- [Try it]: The whole listing, except its pictures, is to be repeated exactly.

- [Source data]:
* * *

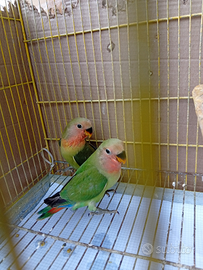Pulli di inseparabili molto belli se ne prendi uno 40€ se ne prendi due 70€ non sono allevati a mano ma se vuoi allevarli puoi pk hanno due mesi sono docili non mordono per maggiori informazioni contattatemi su WhatsApp 3888721459 NO PERDITEMPO!!
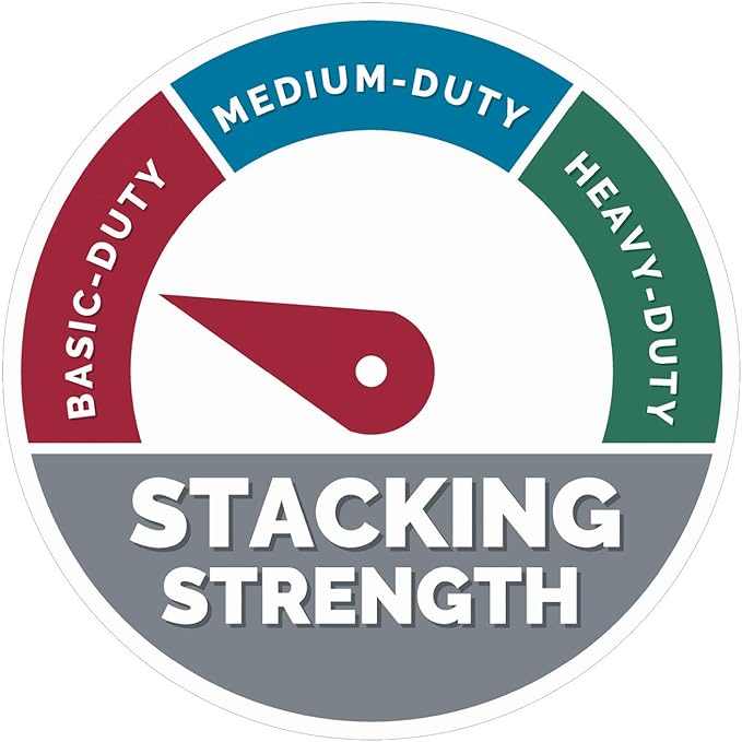 - Basic-duty, standard set-up construction for moderate stacking or use with shelving
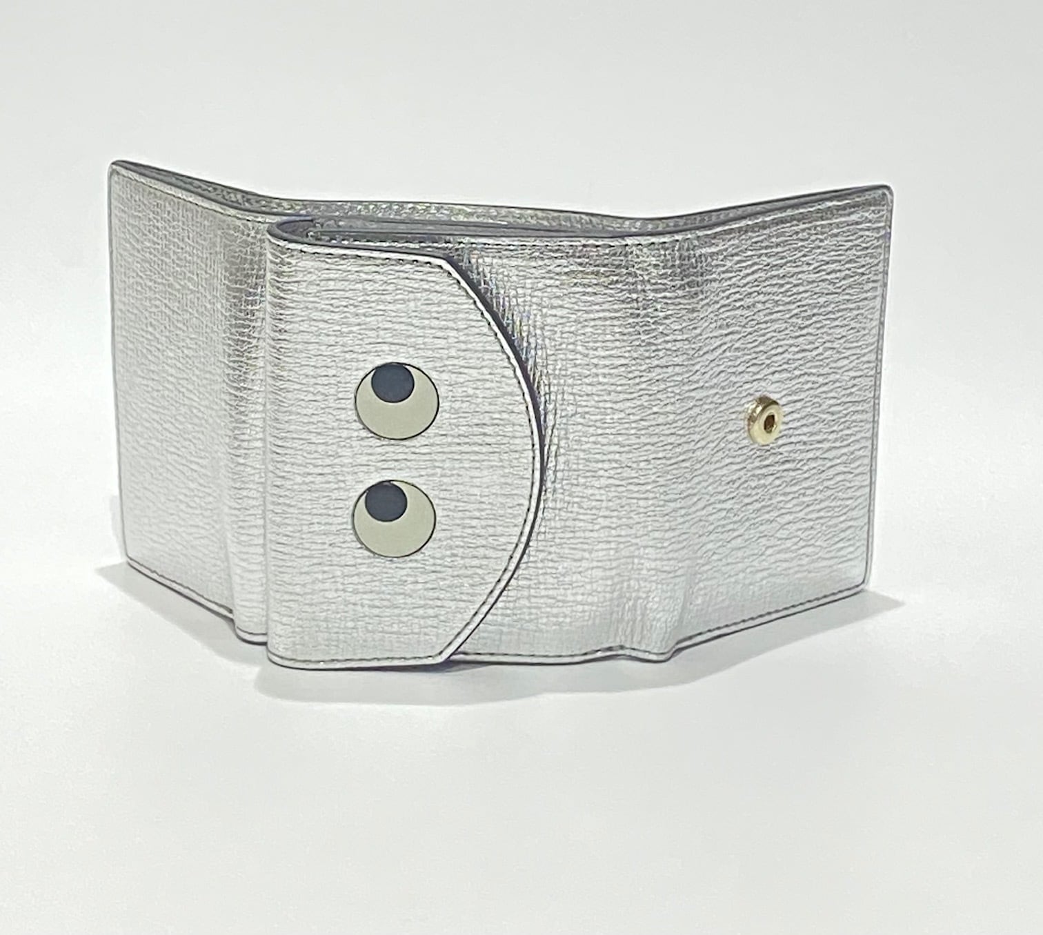 素材:山羊革 色 :シルバー サイズ:約H7.5×W9.5×D3cm 開閉:スナップ式 内側:オープンポケット×2、札入れ×1、カードポケット×5 外側:スナップ式小銭入れ×1 付属品:ブランド箱

* * *

- [Result for this task]:
Pulli di inseparabili molto belli se ne prendi uno 40€ se ne prendi due 70€ non sono allevati a mano ma se vuoi allevarli puoi pk hanno due mesi sono docili non mordono per maggiori informazioni contattatemi su WhatsApp 3888721459 NO PERDITEMPO!!
 - Basic-duty, standard set-up construction for moderate stacking or use with shelving
 素材:山羊革 色 :シルバー サイズ:約H7.5×W9.5×D3cm 開閉:スナップ式 内側:オープンポケット×2、札入れ×1、カードポケット×5 外側:スナップ式小銭入れ×1 付属品:ブランド箱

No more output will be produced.